# Chainsaw carving 101



## Adirondack

I went to a logging demonstration and they made a small chair for kids. It looked very simple to do. I tried one and it turned out pretty good. I would like to learn some other basic things I could do as well. Is there a site dedicated to the beginner with step by step instructions?


----------



## twoclones

Chainsaw Sculptors has a 'step by step' instruction area. 
http://www.chainsawsculptors.com/ 

You going to post a pic of your chair? 


Butch


----------



## Adirondack

Thanks for the link. 
Here are some pics. I have carved three but I only have a pic of two.


----------



## twoclones

Those do look like a good started project. If you'd like to smooth out the saw lines and sharp corners, use a 4" angle grinder w/ 24 grit flap wheels like these; 
http://www.harborfreight.com/cpi/ctaf/displayitem.taf?Itemnumber=44972

Butch


----------



## Adirondack

twoclones said:


> Chainsaw Sculptors has a 'step by step' instruction area.
> http://www.chainsawsculptors.com/
> 
> You going to post a pic of your chair?
> 
> 
> Butch



Thanks.

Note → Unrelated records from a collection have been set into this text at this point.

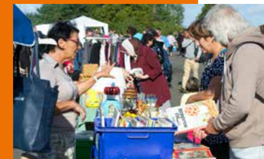
Vide-greniers les 20, 21 et 28 mai.

En mai, allez faire un tour dans l'un des vide-greniers organisés à Rezé. Qui sait, vous dénicheriez peut-être la perle rare ! - Samedi 20 mai de 9h à 17h30. Cour de l'école élémentaire Roger-Salengro. Organisé par l'école Roger-Salengro. - Dimanche 21 mai de 8h à 18h. Parking E.-Leclerc Atout-Sud. Organisé par Rezé Basket 44. - Dimanche 28 mai de 8h à 18h. Parking E.-Leclerc Océane. Organisé par l'ASBR Handball. Espace repas et animations.
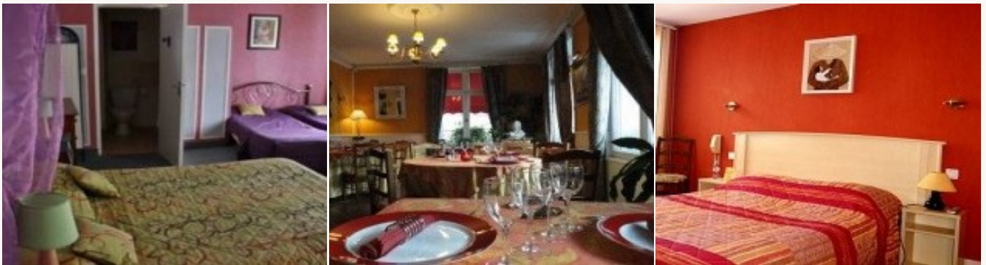
Voorbeeld van het type accommodatie

U overnacht in **type hotels die alle comfort bieden na een dag in de buitenlucht. Deze familie hotels zijn gezinsvriendelijke. Het ontbijt is inbegrepen.
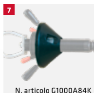
N. articolo G1000A84K
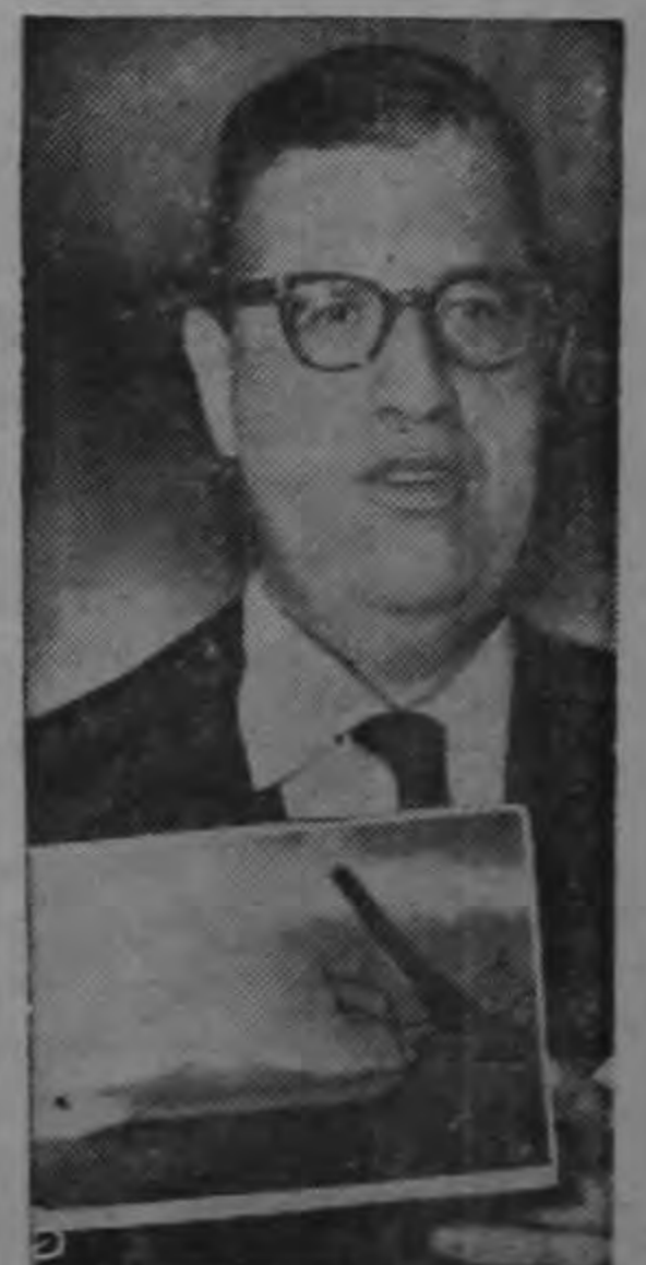
Abba Eban embajador israelí en las Naciones Unidas muestra una foto en donde aparece un emplazamiento de artillería egipcio en el golfo de Aqaba, después de conferenciar en Washington con el Secretario de Estado norteamericano Dulles.
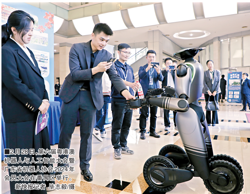
2月28日,第六届粤港澳机器人与人工智能大会暨广东省机器人协会2024年会员大会在番禺区举行。

新快报讯 记者谢源源 通讯员番宣报道 2月28日,第六届粤港澳机器人与人工智能大会在广州市番禺区举行。国内外顶尖机器人与人工智能精英汇聚湾区“智核”番禺,产学研深度融合、政企校携手共进,推动人工智能与机器人产业发展加力提速、成群成势,构筑高技术产业新支柱。
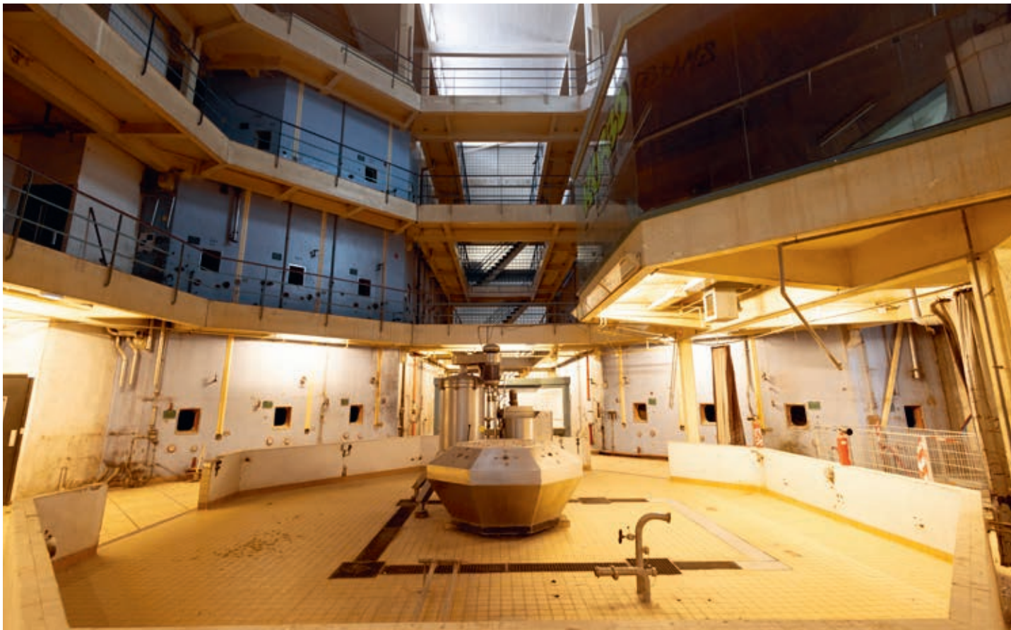
Le vin était stocké dans de multiples cuves installées sur quatre niveaux.
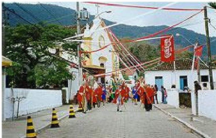
Fig. 13 - Procissão para buscar o casal imperial Sto. Antônio de Lisboa - Setembro 2001
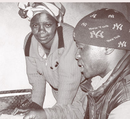
Buchhaltung fürs Solarlampengeschäft.
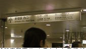
「新宿駅西口」と書かれた看板が見えます。
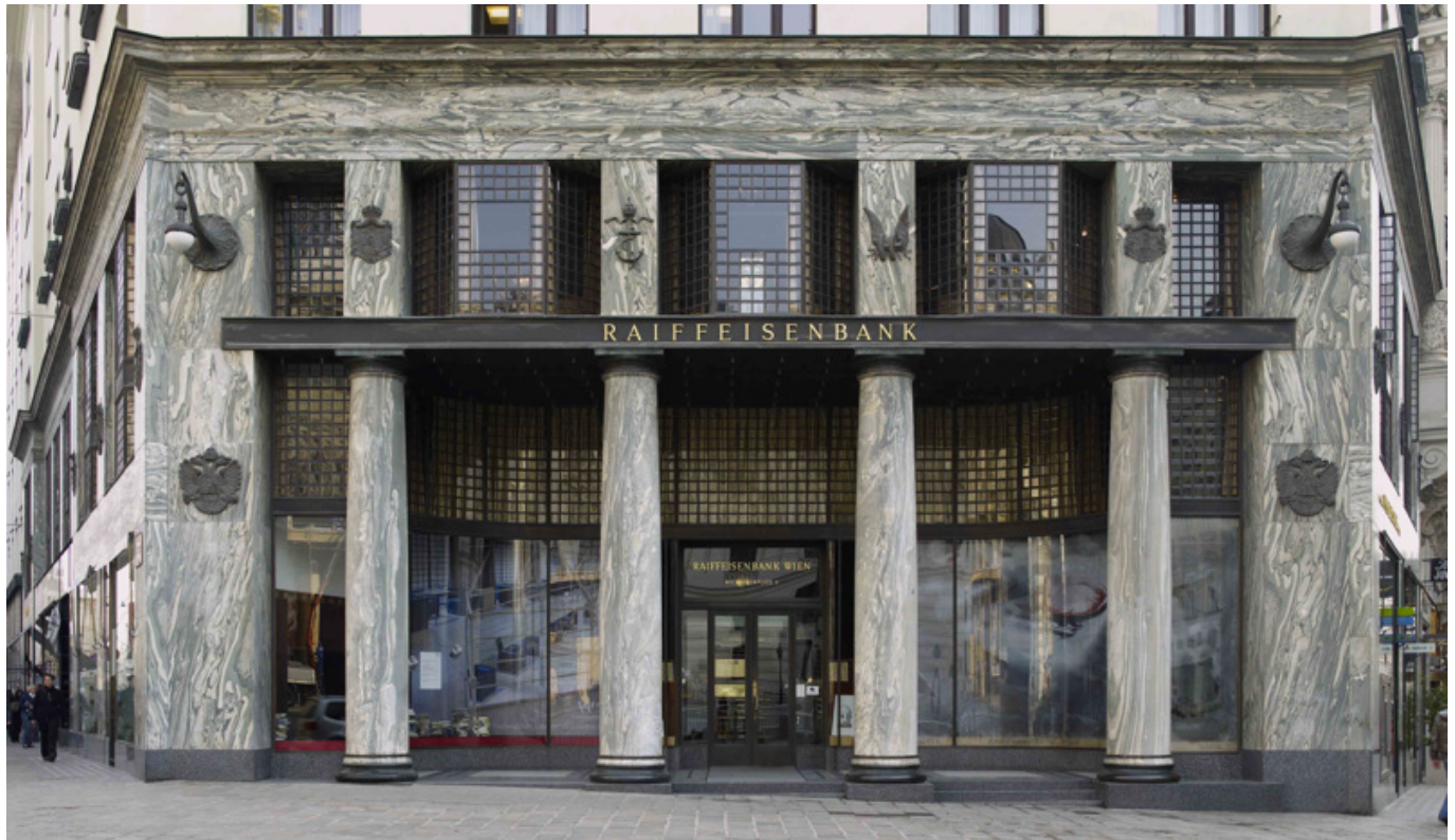
Adolf Loos, Casa sulla Michaelerplatz o "Looshaus" (particolare del prospetto), 1909-11, Vienna.

Invece, per entrambi, bisognerebbe chiedersi innanzitutto: che tipo di ornamento? Sarebbe sufficiente ricordare che Loos si laureò in Architettura a Dresda, nell'università dove ancora era forte l'impronta culturale di Gottfried Semper, e che il suo riferimento costante fu Karl Friedrich Schinkel, il più grande architetto neoclassico tedesco, per mettere in discussione il paradigma del pioniere che indica la strada della liberazione dal giogo ornamentale verso il nascente funzionalismo. O, più semplicemente, basta osservare le sue architetture. Il celebre edificio nella Michaelerplatz di Vienna, conosciuto oggi come Looshaus , che tanto scandalizzò i suoi contemporanei, ha il portico scandito da quattro colonne doriche. Non solo, queste quattro colonne non hanno alcuna funzione statica, tanto da essere state l'ultimo elemento inserito nella facciata: non tettonica quindi ma consapevole scelta ornamentale, ben al di là dell'uso di un ordine classico.
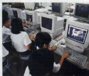
Singapur: Hier üben sich schon die Kinder am Computer..... 56
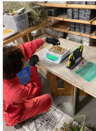
取り外したふさを計量する
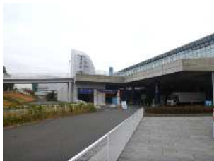
①展示ホール北より入庫

※サイドカー付や改造などによる特殊大型車両については、普通自動車の扱いとなります。
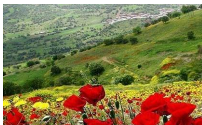
شکل ۸: سراب گلپهو

وجه تسمیه گلپهو به معنی مکان گل های خوب است. این منطقه سیاحتی در شمال شرق روستای کاکا رضا و در دامنه کوه زرین مشتمل قرار گرفته و دارای دو سراب دائمی و یک سراب فصلی است. در کنار سراب های گلپهو، وجود دو درخت کهنسال چنار و در کنار آن سیاه چادر عشایر در فصول بهار و تابستان بر جذابیت هر چه بیشتر منطقه افزوده است (حبیبی، فاتح، محمدی، ۱۳۹۶).
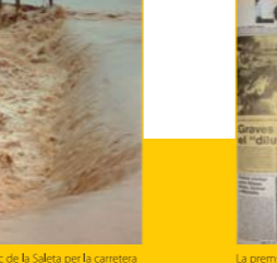
Barranc de la Saleta per la carretera de la Lloma.

16 L'aigua no va agafar la població per sorpresa. L'inici de riuada del diumenge havia posat en avís a l'Ajuntament i Govern Civil, que donà l'alerta als pobles de la ribera del Poio. Abans d'arribar l'aigua al poble havien sigut evacuades 500 persones de la Brillantina, les Barraques, l'Estació i la Colònia, sent traslladades als col·legis Ausiàs March i Mariano Benlliure, on passaren la nit. La riuada deixà el típic caos de brutícia i col·lapse circulatori. Aldaia quedà incomunicada amb l'exterior. El dia 11 la corporació celebrà un ple extraordinari on aprovà per unanimitat sol·licitar al Govern la declaració de zona catastròfica per a Aldaia.

Most of the sculptors look very difficult. Because I have no skill I would like to begin with furniture. Any step by step furniture making sites?


----------



## twoclones

*Try this...*

Don't know of furniture sites... You need to try this owl to get you going. VERY SIMPLE and very cute. Here is Barre Pinske's video of how to carve it; 
http://www.ustream.tv/recorded/1268824 

and my daugher's version which was her first carving ever; 
http://www.misschainsaw.com/first_owl.html 

Butch 
http://www.WoodHacker.com/


----------



## Adirondack

twoclones said:


> Don't know of furniture sites... You need to try this owl to get you going. VERY SIMPLE and very cute. Here is Barre Pinske's video of how to carve it;
> http://www.ustream.tv/recorded/1268824
> 
> and my daugher's version which was her first carving ever;
> http://www.misschainsaw.com/first_owl.html
> 
> Butch
> http://www.WoodHacker.com/



WOW your daughter made a great owl. Thanks for the link. I will try this later in the week.


----------